- **Data for the task**:
>>>>>

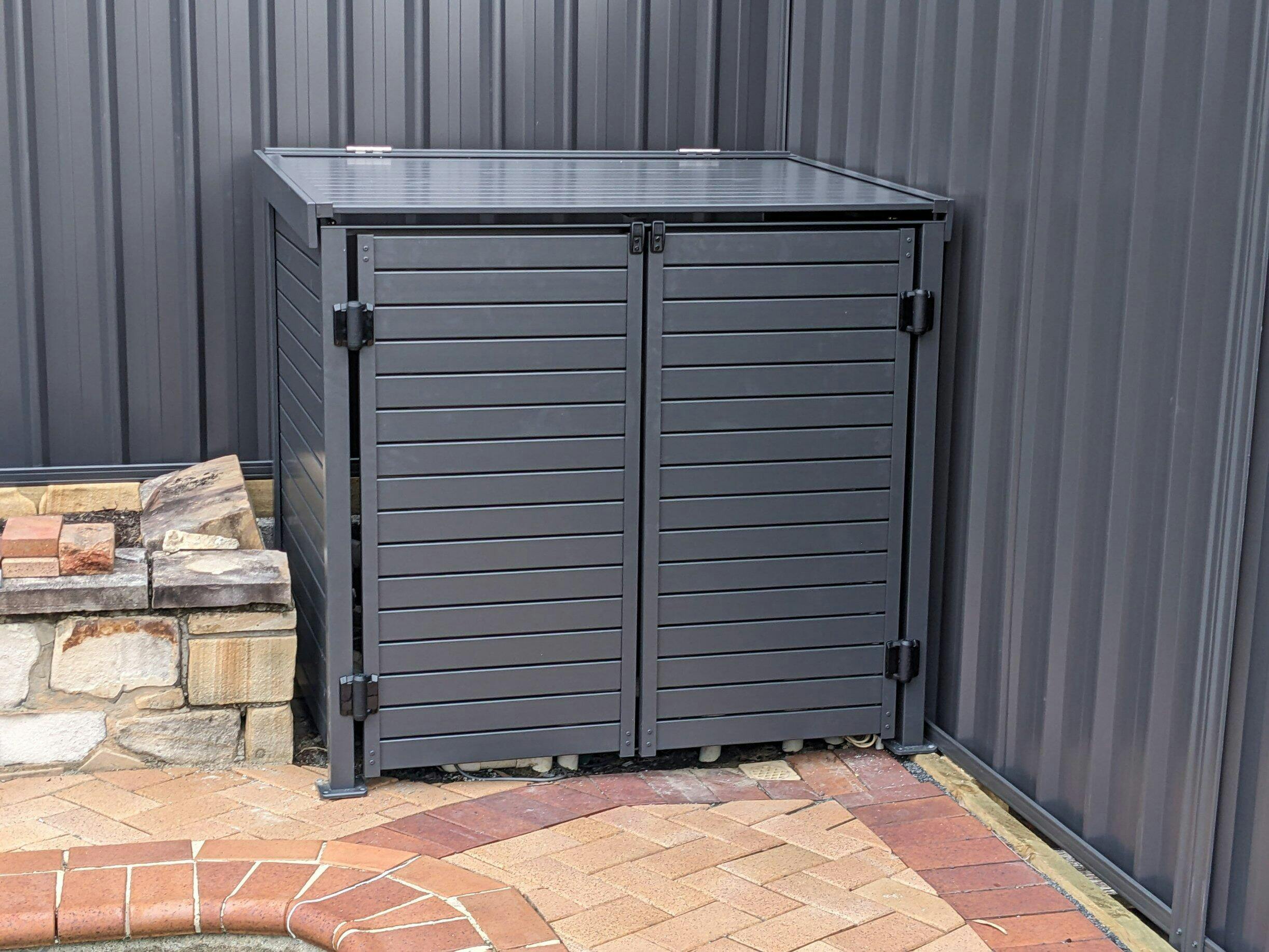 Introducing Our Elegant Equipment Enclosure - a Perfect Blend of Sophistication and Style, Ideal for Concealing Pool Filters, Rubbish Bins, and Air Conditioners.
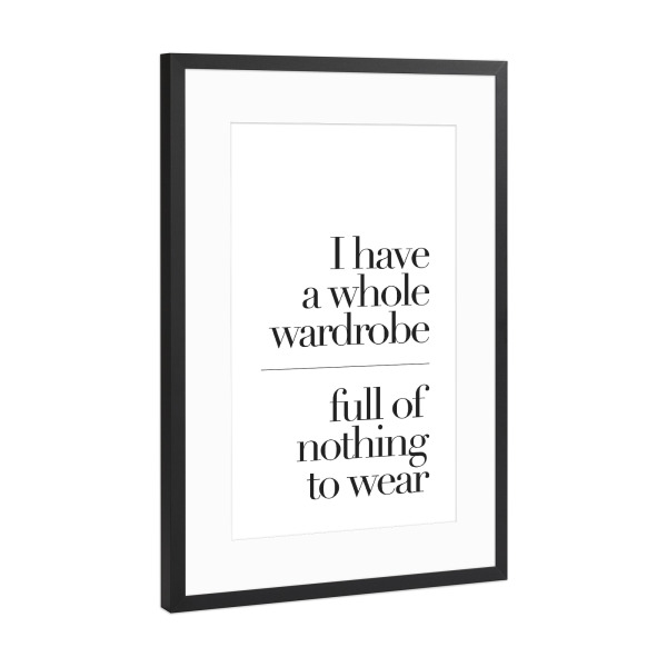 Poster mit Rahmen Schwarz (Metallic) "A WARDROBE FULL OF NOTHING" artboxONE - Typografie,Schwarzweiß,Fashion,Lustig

<<<<<
>>>>>

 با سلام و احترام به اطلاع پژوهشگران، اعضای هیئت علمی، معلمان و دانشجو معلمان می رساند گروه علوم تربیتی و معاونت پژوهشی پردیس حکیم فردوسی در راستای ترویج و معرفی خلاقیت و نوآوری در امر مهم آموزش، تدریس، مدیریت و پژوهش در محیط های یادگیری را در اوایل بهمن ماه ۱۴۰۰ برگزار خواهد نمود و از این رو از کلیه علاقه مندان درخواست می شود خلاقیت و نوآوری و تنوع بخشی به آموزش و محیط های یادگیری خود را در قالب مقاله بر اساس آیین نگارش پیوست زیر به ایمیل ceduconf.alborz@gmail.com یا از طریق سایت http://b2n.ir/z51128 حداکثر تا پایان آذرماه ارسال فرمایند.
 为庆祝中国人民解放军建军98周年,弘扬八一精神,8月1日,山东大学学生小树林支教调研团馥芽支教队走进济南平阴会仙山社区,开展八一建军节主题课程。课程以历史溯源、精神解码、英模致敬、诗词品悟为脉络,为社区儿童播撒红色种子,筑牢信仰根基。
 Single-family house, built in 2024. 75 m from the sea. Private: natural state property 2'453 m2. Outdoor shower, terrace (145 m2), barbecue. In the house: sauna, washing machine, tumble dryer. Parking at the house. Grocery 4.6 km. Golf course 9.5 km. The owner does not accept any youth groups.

<<<<<
>>>>>

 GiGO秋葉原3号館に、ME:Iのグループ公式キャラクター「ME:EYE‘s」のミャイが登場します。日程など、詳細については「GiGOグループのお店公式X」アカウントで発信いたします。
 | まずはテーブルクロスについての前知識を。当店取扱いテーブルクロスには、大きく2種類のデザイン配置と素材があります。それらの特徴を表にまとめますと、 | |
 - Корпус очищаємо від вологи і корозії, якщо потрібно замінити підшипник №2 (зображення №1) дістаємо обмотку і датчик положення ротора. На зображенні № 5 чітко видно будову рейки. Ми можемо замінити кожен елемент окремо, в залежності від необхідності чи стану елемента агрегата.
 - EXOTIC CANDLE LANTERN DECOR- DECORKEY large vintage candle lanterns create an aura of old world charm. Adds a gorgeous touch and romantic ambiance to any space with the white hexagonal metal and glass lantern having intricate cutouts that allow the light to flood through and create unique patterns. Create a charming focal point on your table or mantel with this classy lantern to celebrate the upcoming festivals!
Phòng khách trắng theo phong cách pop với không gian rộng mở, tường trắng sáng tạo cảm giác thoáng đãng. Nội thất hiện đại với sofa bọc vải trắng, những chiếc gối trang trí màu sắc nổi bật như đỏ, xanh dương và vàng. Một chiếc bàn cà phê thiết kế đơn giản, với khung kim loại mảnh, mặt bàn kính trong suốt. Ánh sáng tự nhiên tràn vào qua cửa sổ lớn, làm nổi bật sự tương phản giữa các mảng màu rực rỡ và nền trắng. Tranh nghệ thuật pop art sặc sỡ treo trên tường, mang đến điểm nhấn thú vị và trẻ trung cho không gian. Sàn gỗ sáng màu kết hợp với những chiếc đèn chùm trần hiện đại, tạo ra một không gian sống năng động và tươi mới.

<<<<<

- **Work task**:
Although pictures appear among the records above, none are to be output; print exactly the lines from the line containing "Introducing Our Elegant" through the line containing "Poster mit Rahmen".

- **Solution**:
 Introducing Our Elegant Equipment Enclosure - a Perfect Blend of Sophistication and Style, Ideal for Concealing Pool Filters, Rubbish Bins, and Air Conditioners.
 Poster mit Rahmen Schwarz (Metallic) "A WARDROBE FULL OF NOTHING" artboxONE - Typografie,Schwarzweiß,Fashion,Lustig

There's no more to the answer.